> Exercise goal
Repeat the listing verbatim. Drop any pictures.

> Supplied material
····················
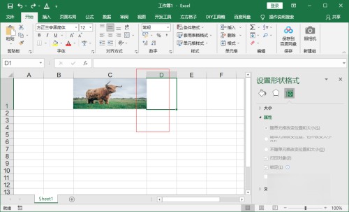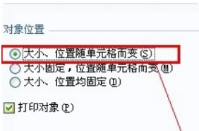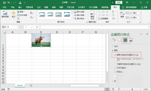 5、左侧到“设置图片格式”,点击“大小与属性”,点击选中“随单元格改变位置和大小”。
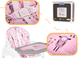 Čistota nebude problém, pretože všetky povrchy výrobku sú potiahnuté špeciálnym ochranným náterom. Ten nielenže udržiava čistotu, ale zároveň chráni výrobok pred poškodením, ku ktorému by mohlo dôjsť počas používania. Stolička pevne drží na mieste vďaka širokej základni, ktorá zároveň chráni podlahu pred poškriabaním a inými nežiaducimi stopami a zabraňuje pošmyknutiu nôh. Mäkký poťah stoličky a opierky chrbta zabezpečí, aby sa vášmu dieťaťu sedelo pohodlne. Pre úplnú bezpečnosť vášho dieťaťa sú tu päťbodové bezpečnostné pásy, takže môžete svoje dieťa do stoličky pokojne posadiť a ono samo nevylezie.
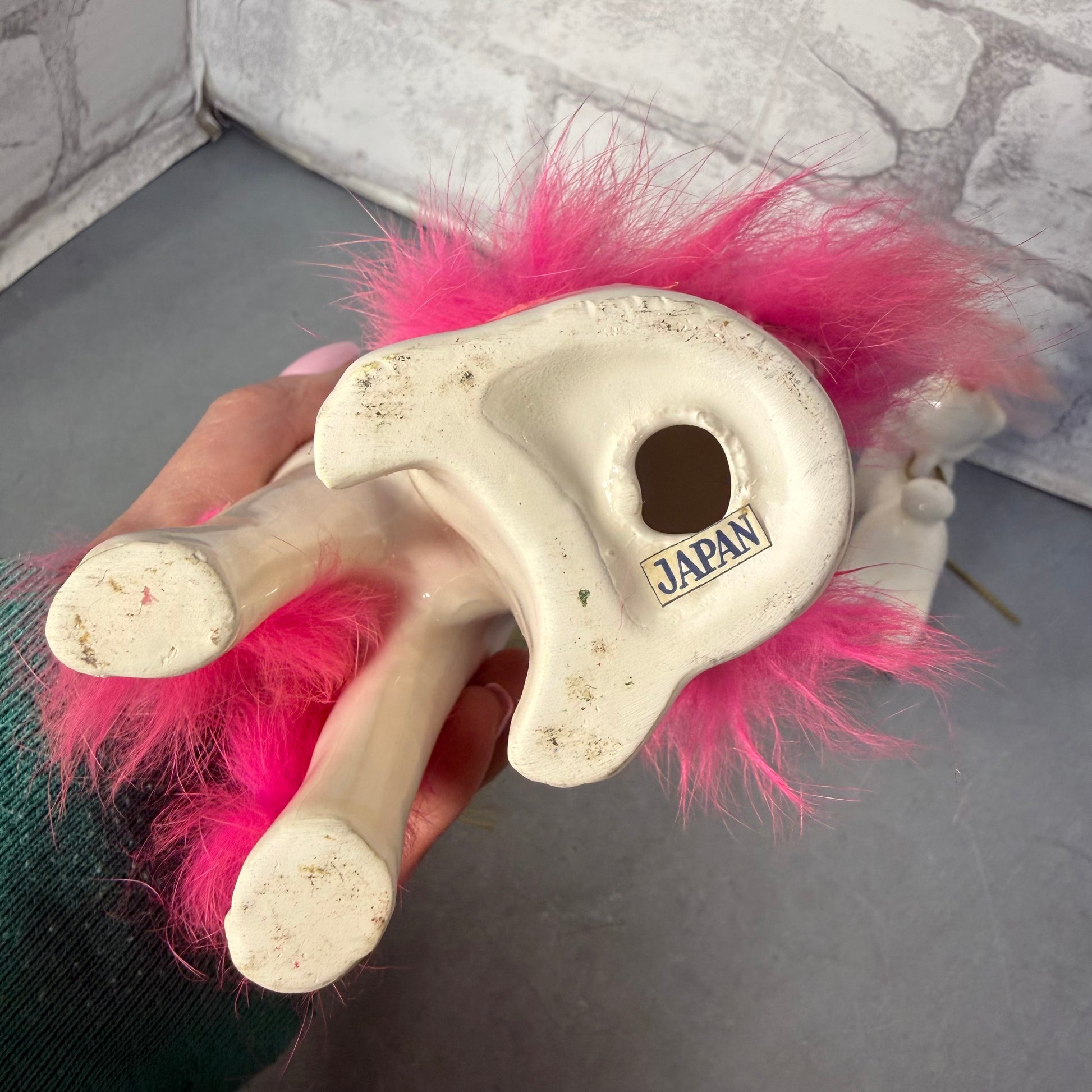 Mid century modern figurines. Poodle with 2 puppies. Made in Japan. Pink fuzzy hair is a bit faded.
····················
> Output of the exercise
 5、左侧到“设置图片格式”,点击“大小与属性”,点击选中“随单元格改变位置和大小”。
 Čistota nebude problém, pretože všetky povrchy výrobku sú potiahnuté špeciálnym ochranným náterom. Ten nielenže udržiava čistotu, ale zároveň chráni výrobok pred poškodením, ku ktorému by mohlo dôjsť počas používania. Stolička pevne drží na mieste vďaka širokej základni, ktorá zároveň chráni podlahu pred poškriabaním a inými nežiaducimi stopami a zabraňuje pošmyknutiu nôh. Mäkký poťah stoličky a opierky chrbta zabezpečí, aby sa vášmu dieťaťu sedelo pohodlne. Pre úplnú bezpečnosť vášho dieťaťa sú tu päťbodové bezpečnostné pásy, takže môžete svoje dieťa do stoličky pokojne posadiť a ono samo nevylezie.
 Mid century modern figurines. Poodle with 2 puppies. Made in Japan. Pink fuzzy hair is a bit faded.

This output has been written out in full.